**WHAT YOU HAVE TO DO:** Every line below is to be given again precisely; images are to be left out.

**DATA BLOCK:**

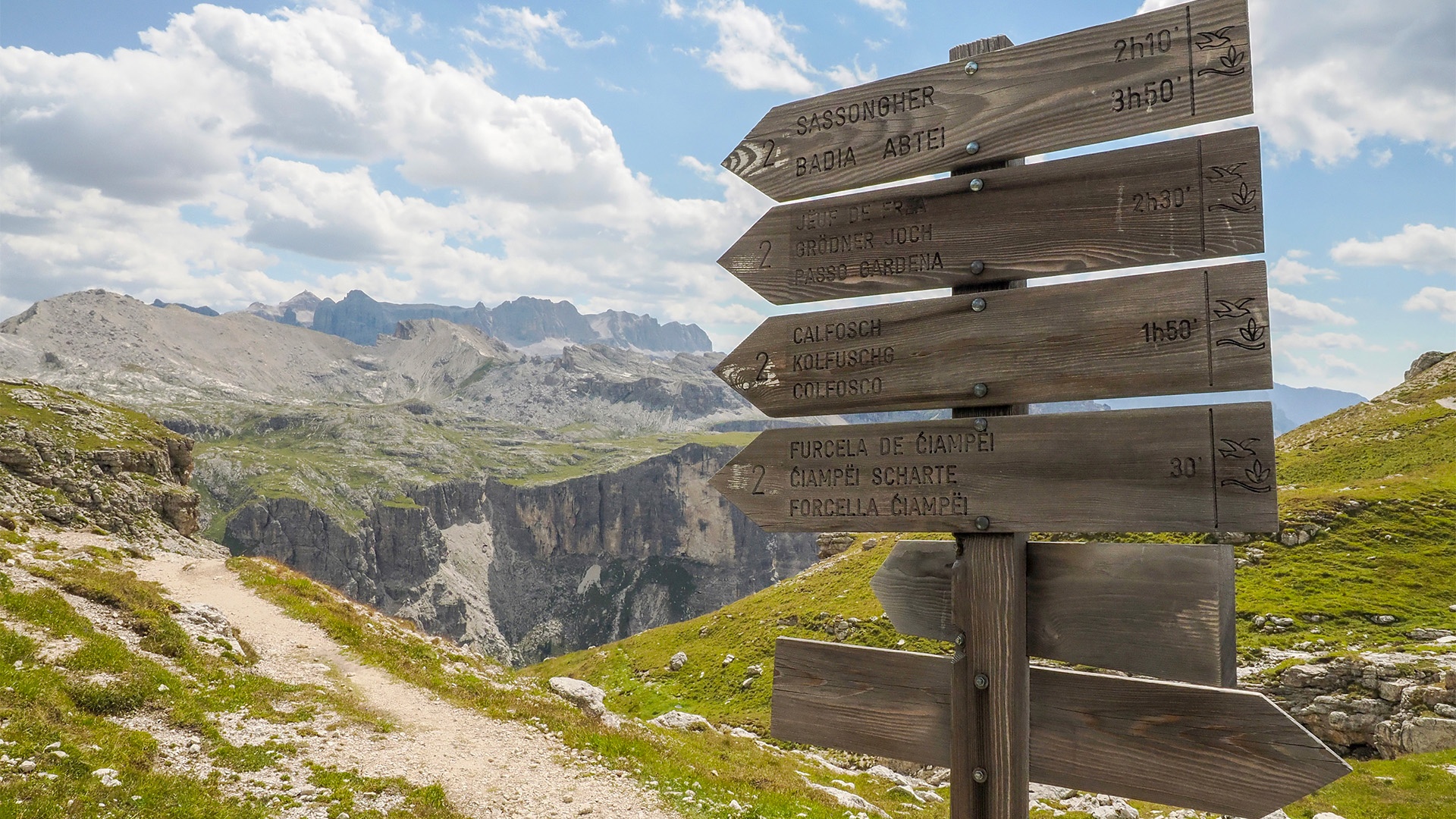 Itinerario: La Villa (1.420 m) - Plan de Sponata (1.750 m/seggiovia) - Rifugio Gardenaccia (2.050 m) - Forcella Gardenaccia (2.548 m) - Rifugio Puez (2.475 m) - Forcella Ciampai - Colfosco - Corvara (1.550 m)
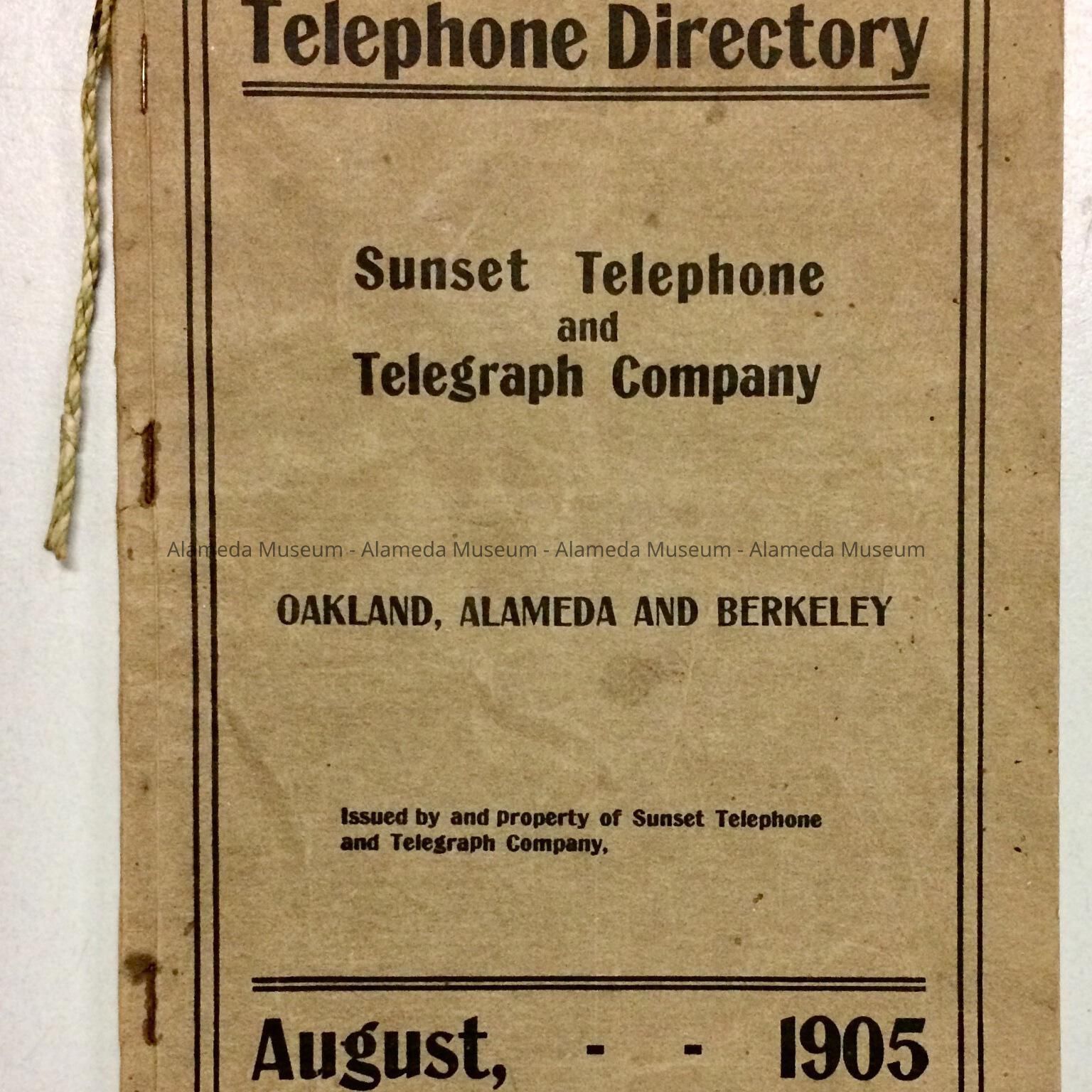 TELEPHONE DIRECTORY FOR OAKLAND, ALAMEDA, AND BERKELEY, ISSUED BY THE SUNSET TELEPHONE AND TELEGRAPH COMPANY, AUGUST 1905. THE DIRECTORY WAS GIVEN TO THE ALAMEDA HISTORICAL SOCIETY PRIOR TO 1971, NUMBERED "750," BUT HERETOFORE NOT OFFICIALLY CATALOGED.
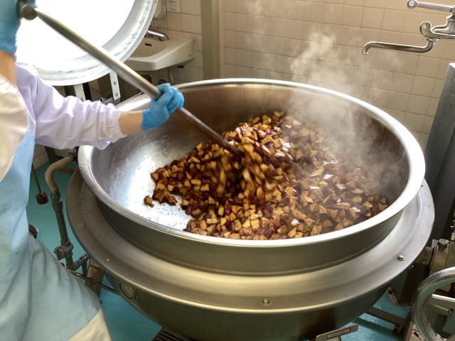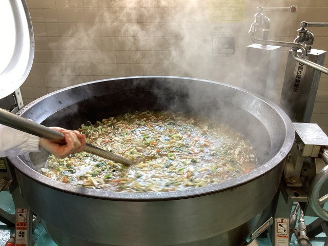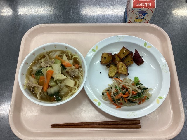 今日の給食は、チャンポン麺、牛乳、大学いも、塩ナムルです。

**EXERCISE ANSWER:**
 Itinerario: La Villa (1.420 m) - Plan de Sponata (1.750 m/seggiovia) - Rifugio Gardenaccia (2.050 m) - Forcella Gardenaccia (2.548 m) - Rifugio Puez (2.475 m) - Forcella Ciampai - Colfosco - Corvara (1.550 m)
 TELEPHONE DIRECTORY FOR OAKLAND, ALAMEDA, AND BERKELEY, ISSUED BY THE SUNSET TELEPHONE AND TELEGRAPH COMPANY, AUGUST 1905. THE DIRECTORY WAS GIVEN TO THE ALAMEDA HISTORICAL SOCIETY PRIOR TO 1971, NUMBERED "750," BUT HERETOFORE NOT OFFICIALLY CATALOGED.
 今日の給食は、チャンポン麺、牛乳、大学いも、塩ナムルです。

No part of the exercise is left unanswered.